Special Track 8

Accelerating collective decision intelligence: Artificial Intelligence (AI) and measuring what matters for policymaking

Special Track Chairs:

Description

The application of data science and use of AI systems in government should enable better decisions by politicians, policymakers, and communities themselves. However, the decision landscape in government is characterised by complexity, ambiguity, and the politics of policy formation processes. Far from popular belief, useful information and evidence are often disparate and scarce; data privacy and other human rights are paramount; the cost of a poor decision is high and often irreversible; there are many and varied stakeholders all with different priorities, and the benefits and costs of digital technologies have the potential to be inequitably distributed.

As a result of these characteristics many communities and governments around the world face decision paralysis, confounded by the exponential growth of data supplies, insufficient data analysis capabilities, and inconsistent use of evidence in policymaking.

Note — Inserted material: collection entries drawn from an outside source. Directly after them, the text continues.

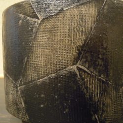 多くの色を一色ずつ丹念に重ね、焼成を何度も繰り返すことにより生み出される色彩とモダンな紋様が目を惹きつける。
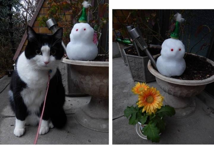 管理人の車に乗った雪をかき集め、雪だるまを作った。
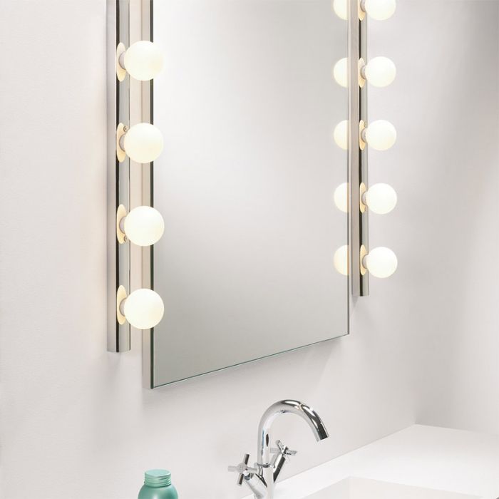 Applique pour salle de bain Cabaret de Astro. L'applique est dans la norme d'étanchéité IP44, c'est à dire protégé contre les corps solides supérieurs à 1 mm (ex : outils fins, clous) et protégé contre les projections d'eau de toutes directions.

If we are to make progress towards the global Sustainable Development Goals (SDG), for example, we need to design and implement policy programs that allow for the complexity of dynamic intersecting causal pathways across themes of societal and planetary wellbeing. This in turn requires adaptive experimentation that can respond to different scales of responsibility and levels of impact and decision systems that are polycentric, occurring at overlapping organisation levels from individual communities to local government to private sector and national policy and regulation. To address these issues needs a framework that can;

  • Identify and structure shared questions that matter most to inform the decision-making needs in policy design and implementation processes.
  • Understand the decision-making systems and needs, informing collective decision points to increase value.
  • Distinguish between cause and effect – to prioritise policy design and identify what works and impacts outcomes.
  • Adaptively uncover what information is needed to answer the question at hand, using real-time experimental design and thus measuring what matters most.
  • Acknowledge and explain estimates of the uncertainty inherent in inferring these cause-and effect relationships to reinforce robust and explainable policy decisions that build trust with the public.
  • Fuse together many disparate types of information. Information from lived experience, from existing relevant data, from expert opinion and from bespoke data collection.
  • Co-create and co-design with impacted communities to ensure the interpretation and adoption of recommendations in ways that are meaningful to local culture and context.
  • Establish governance procedures that ensure AI systems are accurate, accountable, fair, and fit for purpose.

There is no one discipline that can address all these issues. The call for submissions to this special track session will focus on the intersection of these disciplinary knowledge sets driven around the specific high-stakes problems including, but not limited to, breaking entrenched cycles of disadvantage, environmental change, and democratic resilience. It will highlight the necessity for multi-disciplinary research areas and the skills necessary to solve them.

Successful submissions may tackle any specific government issue but should include at least two of research sub-categories and have a defined government policy high-stakes application.

Subcategory: Methods for causal inference and estimation

  • Randomized control trials for government decision-making.
  • Learning the structure and associated parameters of Directed Acyclical Graphs (DAGs) and the impact of interventions on DAGs.
  • Causal inference from longitudinal studies

Subcategory: Collective Intelligence techniques for policy formulation.

  • Question science to measure what matters.
  • Techniques for combining qualitative and quantitative information.
  • Platforms, systems, and management practices that facilitate the emergence of collective intelligence.
  • Methods for establishing, explaining, and communicating confidence in AI outputs for government decision-making

Subcategory: Translation of analytic outputs findings into policy and community practice.

  • Implementation science for the co-creation and adoption of policy recommendations in the community. • Value of data through a chain analysis.
  • To establish the uptake of research findings into government policy-making processes including data capability and data science capacity.

Subcategory: Governance systems and accountability for integration into public policy.

  • Regulatory and policy approaches for AI governance for government agencies.
  • Governance mechanisms, assurance, and assessment framework.